Your task
Transcribe the records word for word. Leave every picture out.

Supplied information
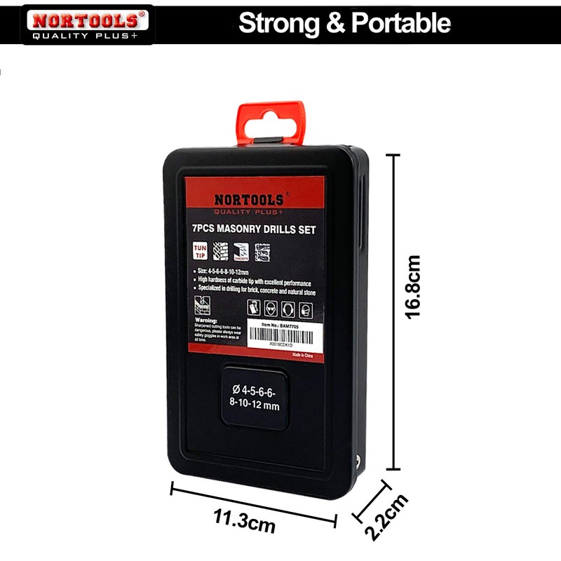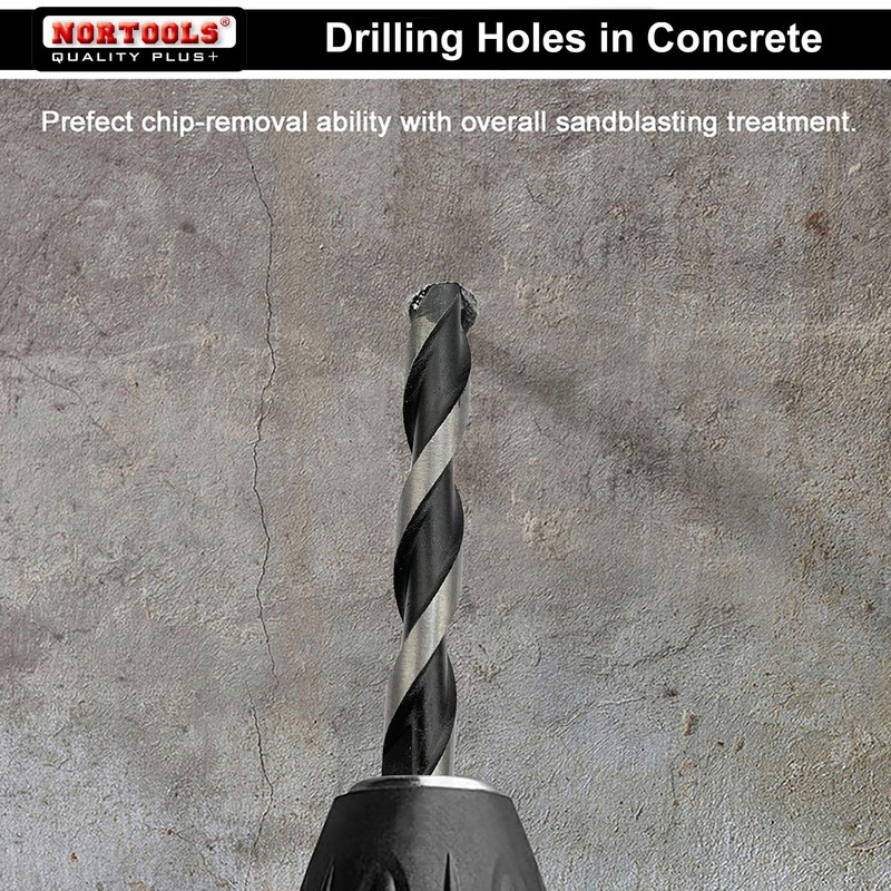 NORTOOLS Concrete Drill Bit Set 7 Pieces Drilling with Carbide Tip for Masonry Concrete Natural Stone Hammer Drills 4-12 mm
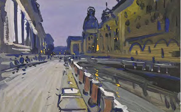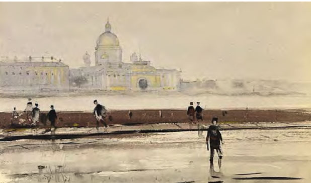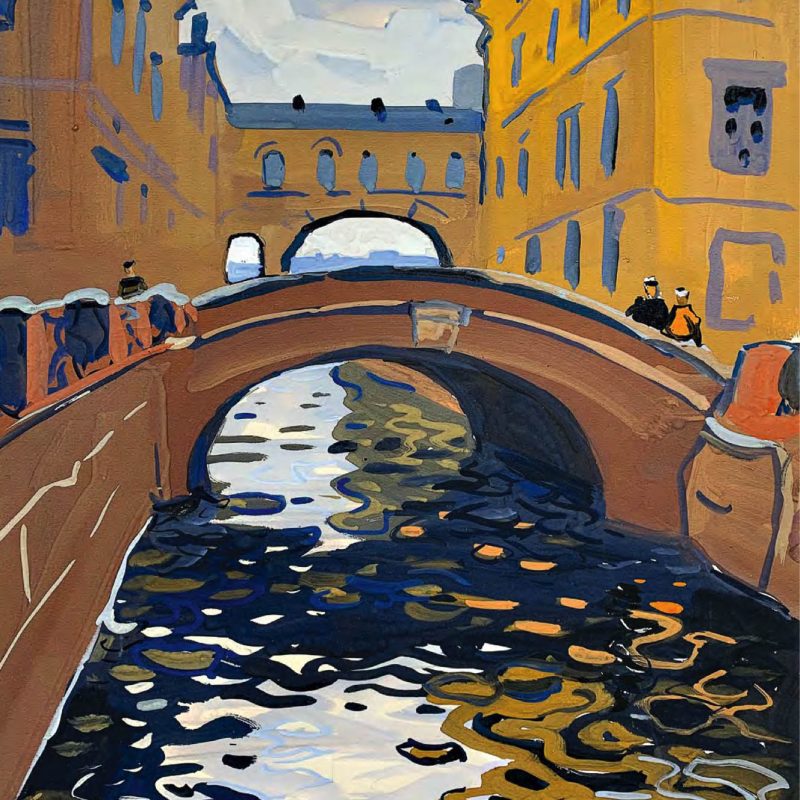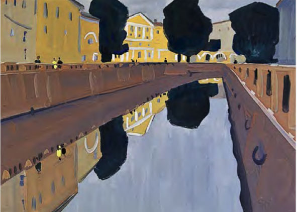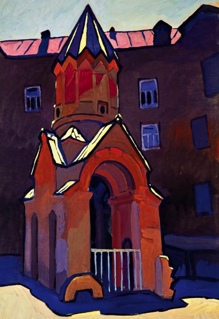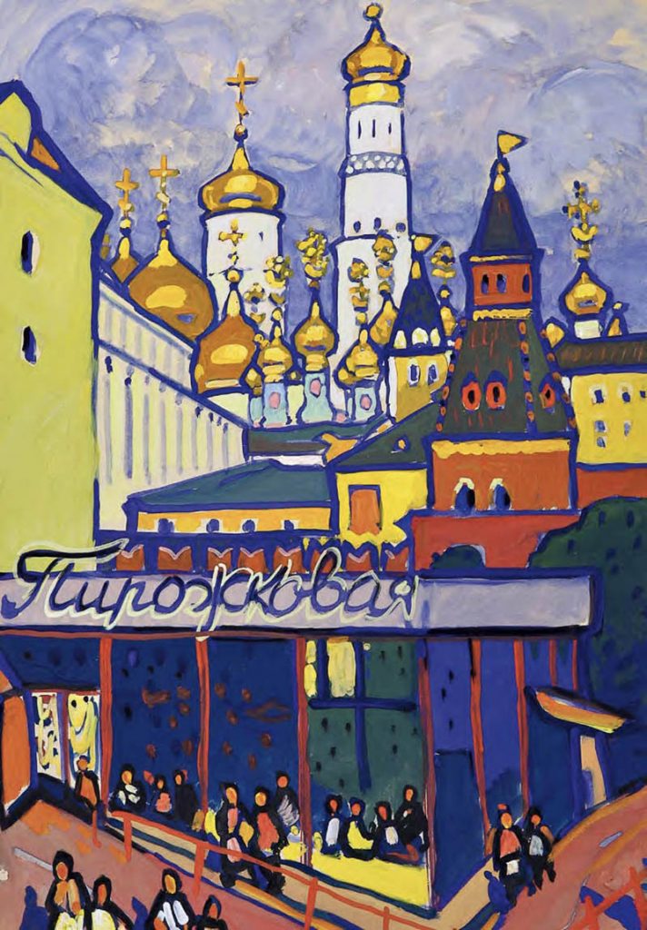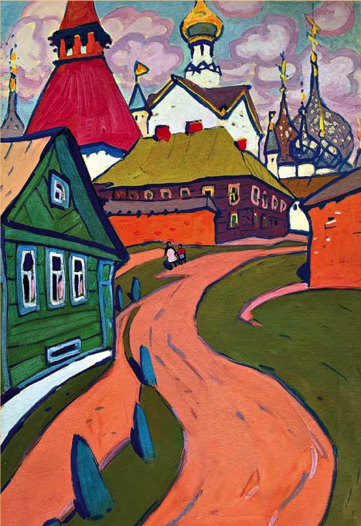 Straordinario come l’artista sia stato in grado di elaborare, dalla fine degli anni ’50 al 1971 – in un decennio tutt’altro che facile per la cultura cristiana, tra l’acuirsi delle repressioni chruščeviane nei confronti delle comunità cristiane e la successiva «stagnazione» – dei cicli dedicati alle antiche città russe, di cui dipinge (come amava dire lui stesso) «ritratti» ad acquarello e a gouache, le cui dominanti sono indubbiamente le chiese. Un posto particolare nel «ciclo russo» di Chimič spetta al Cremlino di Rostov (cui è dedicato il calendario 2021 di Russia Cristiana), edificato nel XVII secolo dal metropolita Iona come immagine della Gerusalemme celeste. Con ogni probabilità l’artista, in epoca sovietica, non poteva essere a conoscenza dei particolari di questa vicenda e delle concezioni teologiche che avevano guidato il vescovo, eppure – fa notare Sorokin – i suoi quadri non ci parlano delle vestigia di un’epoca tramontata, ma ci mostrano questo straordinario complesso architettonico hic et nunc, come un luogo di vita, di una Presenza.
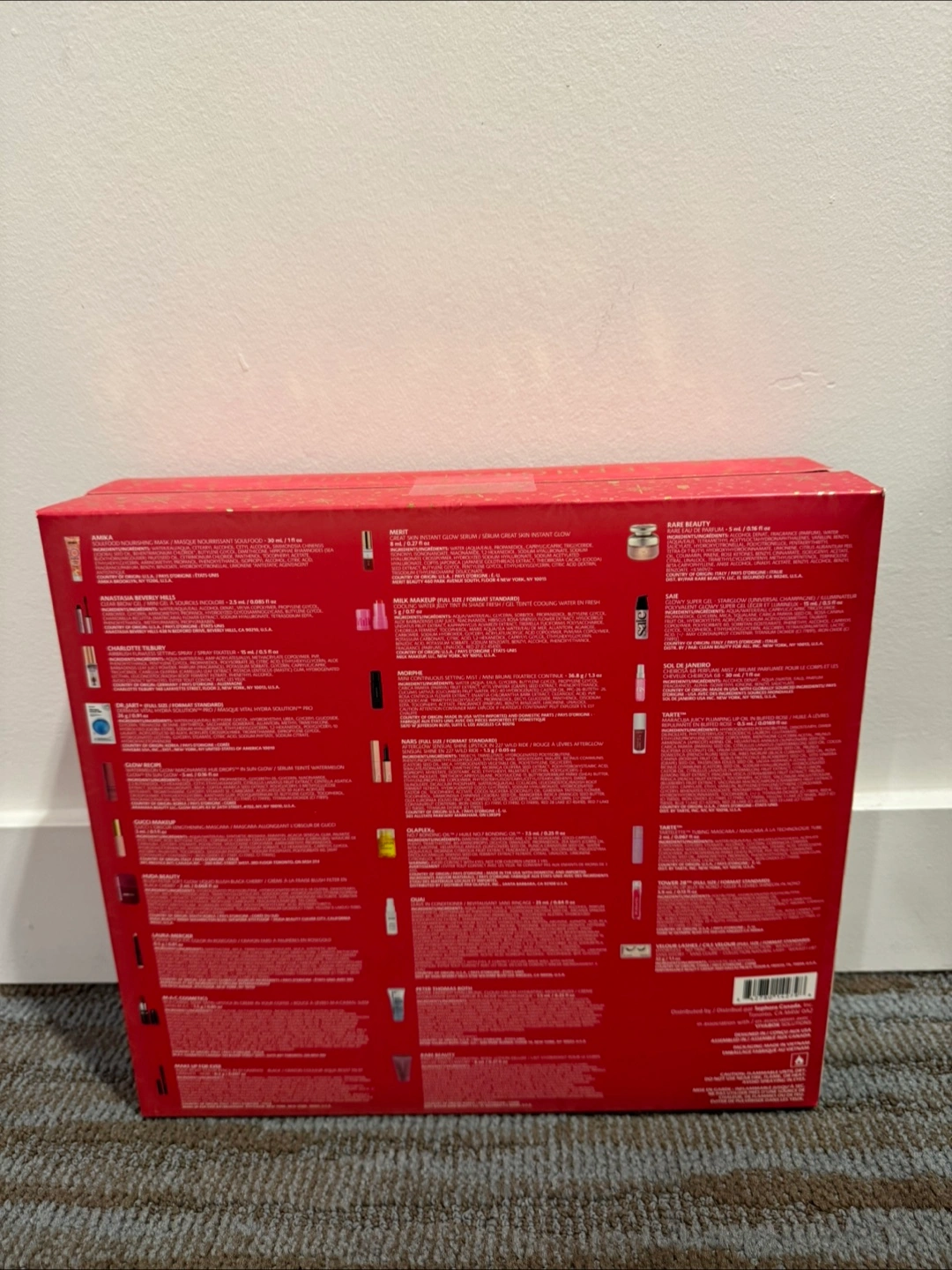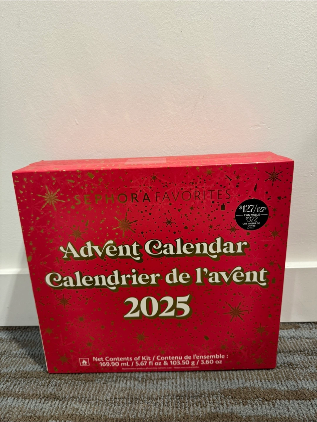 2025 Sephora Advent Calendar holiday limited edition Pickup in Vancouver What it is: A 25-piece kit featuring a variety of must-have products from hair and skincare to makeup and fragrance. What Else You Need to Know: This Advent Calendar includes a variety of must-have products from hair and skincare to makeup and fragrance, all from your favorite brands. This Set Contains: - 1 fl oz/ 30 mL amika Soulfood Nourishing Hair Mask (mini) - 0.0085 fl oz/ 2.5 mL Anastasia Beverly Hills Clear Brow Gel Flexible Medium-Hold Eyebrow Setter (mini) - 0.5 fl oz/ 15 mL Charlotte Tilbury Airbrush Flawless Hydrating & Waterproof Setting Spray (mini) - 0.91 fl oz/ 26 g Dr. Jart+ Vital Hydra Solution PRO Glow Face Mask with Hyaluronic Acid (full size) - 0.16 fl oz/ 5 mL Glow Recipe Watermelon Glow Niacinamide Hue Drops Serum in Sun Glow (mini) - 0.1 fl oz/ 5 mL Gucci L'Obscur Lengthening Mascara in Eve Black (mini) - 0.068 fl oz/ 2 mL HUDA BEAUTY Blush Filter Soft Glow Liquid Blush in Black Cherry (mini) - 0.01 oz/ 0.5 g Laura Mercier Caviar Stick Cream Eyeshadow in Rosegold (mini) - 0.01 oz/ 0.5 g MAC Cosmetics M·A·CXIMAL Sleek Stain Lipstick in Crème In Your Coffee (mini) - 0.05 oz/ 1.5 g MAKE UP FOR EVER Aqua Resist Color Pencil Eyeliner in Graphite (mini) - 0.007 oz/ 0.2g MERIT Great Skin Instant Glow Serum with Niacinamide and Hyaluronic Acid (mini) - 0.17 oz/ 5 g MILK MAKEUP Cooling Water Jelly Tint Lip + Cheek Blush Stain in Fresh (full size) - 1.3 oz/ 36.8 g Morphe Mini Continuous Setting Mist (mini) - 0.05 oz/ 1.5 g NARS Afterglow Sensual Shine Hydrating Lipstick in Wild Red (mini) - 0.25 fl oz/ 7.5 mL Olaplex No. 7 Bonding Frizz Reduction & Heat Protection Hair Oil (mini) - 0.84 fl oz/25 mL OUAI Detangling and Frizz Fighting Leave In Conditioner (mini) - 0.25 fl oz/ 7.5 mL Peter Thomas Roth Water Drench Hyaluronic Cloud Rich Barrier Moisturizer (mini) - 0.27 fl oz/ 8 mL Rare Beauty by Selena Gomez Find Comfort Niacinamide Hydrating Body Lotion (mini) - 0.16 fl oz/5 mL Rare Beauty by Selena Gomez Rare Eau de Parfum with Vanilla and Caramel (mini) - 0.5 fl oz/ 15 mL Saie Glowy Super Gel Lightweight Dewy Multipurpose Illuminator in Starglow (mini) - 1 fl oz/ 30 mL Sol de Janeiro Cheirosa 68 Beija Flor Hair & Body Perfume Mist (mini) - 0.0169 fl oz/ 0.5 mL tarte Maracuja Juicy Lip Plumping Oil with Hyaluronic Acid in Buffed Rose (mini) - 0.067 fl oz/ 2 mL tarte Tartelette Lengthening & Tubing Mascara in Black (mini) - 0.13 fl oz/ 3.9 mL Tower 28 Beauty ShineOn Lip Jelly Hydrating Non-Sticky Lip Oil in XOXO (full size) - 1.1 oz/ 32 g Velour Lashes Effortless - No Trim - Natural Lash Collection in Would I Lie? (full size)
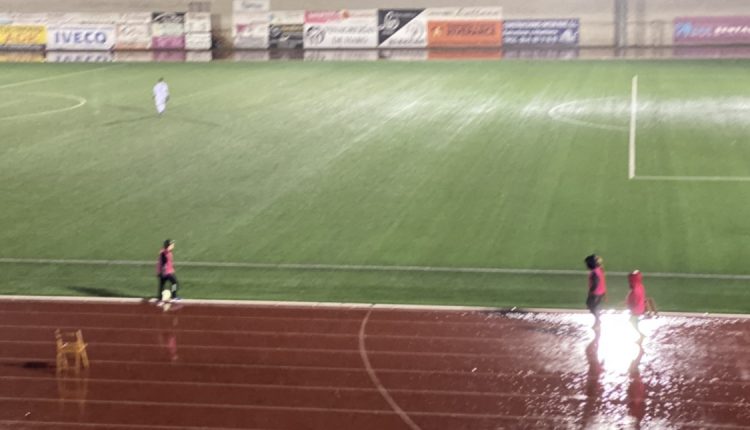 Con más agua que juego, Haro Deportivo y CD Calahorra disputaron el tercero de los 6 derbis riojanos que este año se vivirán en la Segunda B.
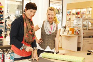 Sie sind eigentlich keine hundert Meter weiter gezogen: Noch „ zu Hause“, aber doch ist es ein großer Unterschied, finden die Jungunternehmerinnen Laura Wolf und Ann-Kathrin Fischer. Die beiden haben sozusagen ein „Joint Venture“ gegründet und sind nach den ersten Wochen bereits vollauf zufrieden. Bis vor kurzem hatten sie je einen eigenen Laden mit süßen Stoffsachen, ein Stückchen weiter in der Oberen Webergasse. Die beiden Designerinnen und Mütter hatten sich als Geschäftsnachbarinnen kennen gelernt. „Wir ticken absolut gleich“, sagt Laura Wolf: „Wir haben einen ganz ähnlichen Geschmack, haben immer die gleichen Stoffe bestellt“.
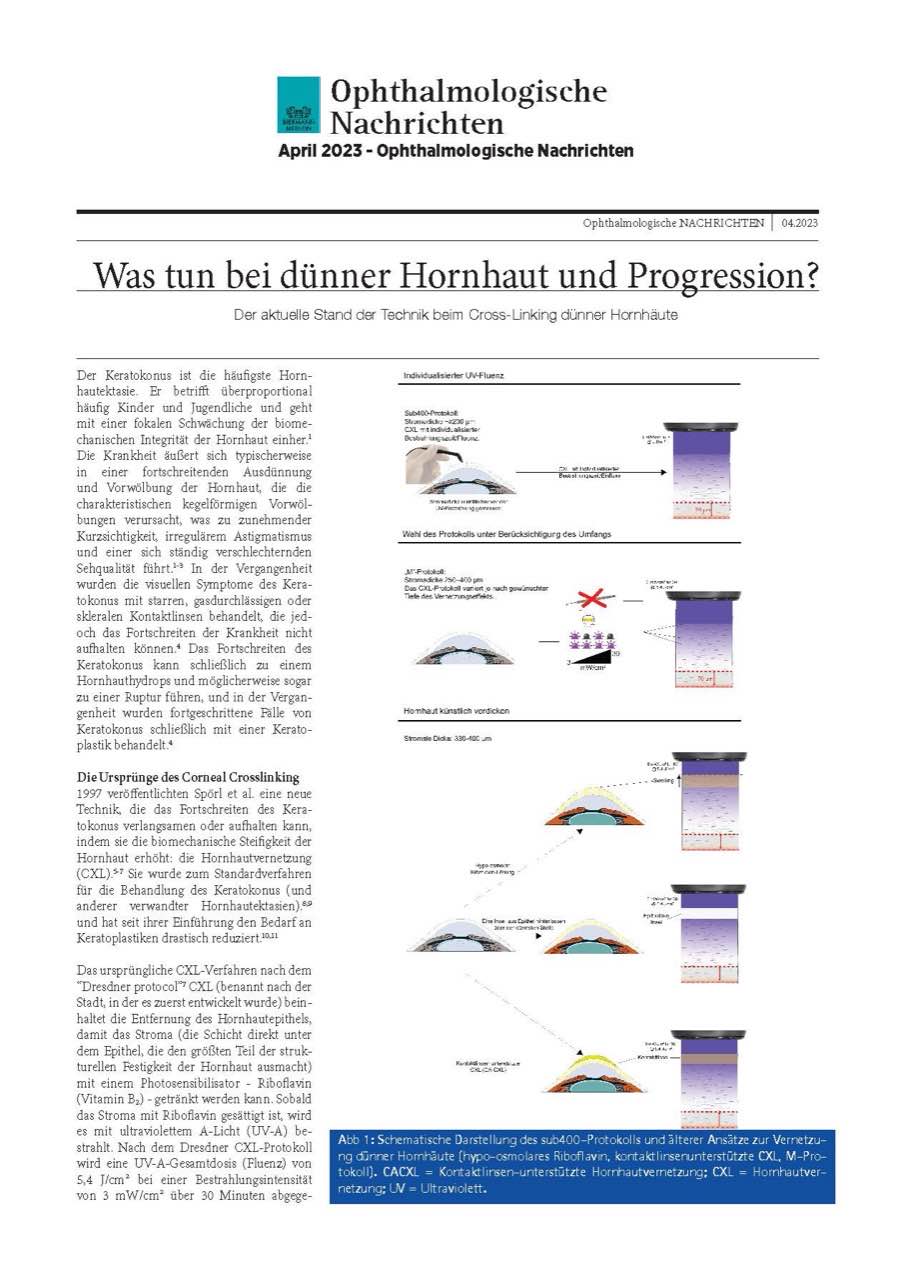 A recently published article in Ophthalmologische Nachrichten reviewed the current state of corneal cross-linking (CXL) in patients with progressive keratoconus and thin or ultra-thin corneas—a group historically excluded from standard treatment protocols. The review, authored by ELZA’s medical director, Prof. Farhad Hafezi, MD, PhD, FARVO, addresses a long-standing clinical challenge: how to safely stabilize ectatic progression when stromal thickness falls below the conventional 400 µm threshold required by the Dresden protocol.

Answer for this exercise
 NORTOOLS Concrete Drill Bit Set 7 Pieces Drilling with Carbide Tip for Masonry Concrete Natural Stone Hammer Drills 4-12 mm
 Straordinario come l’artista sia stato in grado di elaborare, dalla fine degli anni ’50 al 1971 – in un decennio tutt’altro che facile per la cultura cristiana, tra l’acuirsi delle repressioni chruščeviane nei confronti delle comunità cristiane e la successiva «stagnazione» – dei cicli dedicati alle antiche città russe, di cui dipinge (come amava dire lui stesso) «ritratti» ad acquarello e a gouache, le cui dominanti sono indubbiamente le chiese. Un posto particolare nel «ciclo russo» di Chimič spetta al Cremlino di Rostov (cui è dedicato il calendario 2021 di Russia Cristiana), edificato nel XVII secolo dal metropolita Iona come immagine della Gerusalemme celeste. Con ogni probabilità l’artista, in epoca sovietica, non poteva essere a conoscenza dei particolari di questa vicenda e delle concezioni teologiche che avevano guidato il vescovo, eppure – fa notare Sorokin – i suoi quadri non ci parlano delle vestigia di un’epoca tramontata, ma ci mostrano questo straordinario complesso architettonico hic et nunc, come un luogo di vita, di una Presenza.
 2025 Sephora Advent Calendar holiday limited edition Pickup in Vancouver What it is: A 25-piece kit featuring a variety of must-have products from hair and skincare to makeup and fragrance. What Else You Need to Know: This Advent Calendar includes a variety of must-have products from hair and skincare to makeup and fragrance, all from your favorite brands. This Set Contains: - 1 fl oz/ 30 mL amika Soulfood Nourishing Hair Mask (mini) - 0.0085 fl oz/ 2.5 mL Anastasia Beverly Hills Clear Brow Gel Flexible Medium-Hold Eyebrow Setter (mini) - 0.5 fl oz/ 15 mL Charlotte Tilbury Airbrush Flawless Hydrating & Waterproof Setting Spray (mini) - 0.91 fl oz/ 26 g Dr. Jart+ Vital Hydra Solution PRO Glow Face Mask with Hyaluronic Acid (full size) - 0.16 fl oz/ 5 mL Glow Recipe Watermelon Glow Niacinamide Hue Drops Serum in Sun Glow (mini) - 0.1 fl oz/ 5 mL Gucci L'Obscur Lengthening Mascara in Eve Black (mini) - 0.068 fl oz/ 2 mL HUDA BEAUTY Blush Filter Soft Glow Liquid Blush in Black Cherry (mini) - 0.01 oz/ 0.5 g Laura Mercier Caviar Stick Cream Eyeshadow in Rosegold (mini) - 0.01 oz/ 0.5 g MAC Cosmetics M·A·CXIMAL Sleek Stain Lipstick in Crème In Your Coffee (mini) - 0.05 oz/ 1.5 g MAKE UP FOR EVER Aqua Resist Color Pencil Eyeliner in Graphite (mini) - 0.007 oz/ 0.2g MERIT Great Skin Instant Glow Serum with Niacinamide and Hyaluronic Acid (mini) - 0.17 oz/ 5 g MILK MAKEUP Cooling Water Jelly Tint Lip + Cheek Blush Stain in Fresh (full size) - 1.3 oz/ 36.8 g Morphe Mini Continuous Setting Mist (mini) - 0.05 oz/ 1.5 g NARS Afterglow Sensual Shine Hydrating Lipstick in Wild Red (mini) - 0.25 fl oz/ 7.5 mL Olaplex No. 7 Bonding Frizz Reduction & Heat Protection Hair Oil (mini) - 0.84 fl oz/25 mL OUAI Detangling and Frizz Fighting Leave In Conditioner (mini) - 0.25 fl oz/ 7.5 mL Peter Thomas Roth Water Drench Hyaluronic Cloud Rich Barrier Moisturizer (mini) - 0.27 fl oz/ 8 mL Rare Beauty by Selena Gomez Find Comfort Niacinamide Hydrating Body Lotion (mini) - 0.16 fl oz/5 mL Rare Beauty by Selena Gomez Rare Eau de Parfum with Vanilla and Caramel (mini) - 0.5 fl oz/ 15 mL Saie Glowy Super Gel Lightweight Dewy Multipurpose Illuminator in Starglow (mini) - 1 fl oz/ 30 mL Sol de Janeiro Cheirosa 68 Beija Flor Hair & Body Perfume Mist (mini) - 0.0169 fl oz/ 0.5 mL tarte Maracuja Juicy Lip Plumping Oil with Hyaluronic Acid in Buffed Rose (mini) - 0.067 fl oz/ 2 mL tarte Tartelette Lengthening & Tubing Mascara in Black (mini) - 0.13 fl oz/ 3.9 mL Tower 28 Beauty ShineOn Lip Jelly Hydrating Non-Sticky Lip Oil in XOXO (full size) - 1.1 oz/ 32 g Velour Lashes Effortless - No Trim - Natural Lash Collection in Would I Lie? (full size)
 Con más agua que juego, Haro Deportivo y CD Calahorra disputaron el tercero de los 6 derbis riojanos que este año se vivirán en la Segunda B.
 Sie sind eigentlich keine hundert Meter weiter gezogen: Noch „ zu Hause“, aber doch ist es ein großer Unterschied, finden die Jungunternehmerinnen Laura Wolf und Ann-Kathrin Fischer. Die beiden haben sozusagen ein „Joint Venture“ gegründet und sind nach den ersten Wochen bereits vollauf zufrieden. Bis vor kurzem hatten sie je einen eigenen Laden mit süßen Stoffsachen, ein Stückchen weiter in der Oberen Webergasse. Die beiden Designerinnen und Mütter hatten sich als Geschäftsnachbarinnen kennen gelernt. „Wir ticken absolut gleich“, sagt Laura Wolf: „Wir haben einen ganz ähnlichen Geschmack, haben immer die gleichen Stoffe bestellt“.
 A recently published article in Ophthalmologische Nachrichten reviewed the current state of corneal cross-linking (CXL) in patients with progressive keratoconus and thin or ultra-thin corneas—a group historically excluded from standard treatment protocols. The review, authored by ELZA’s medical director, Prof. Farhad Hafezi, MD, PhD, FARVO, addresses a long-standing clinical challenge: how to safely stabilize ectatic progression when stromal thickness falls below the conventional 400 µm threshold required by the Dresden protocol.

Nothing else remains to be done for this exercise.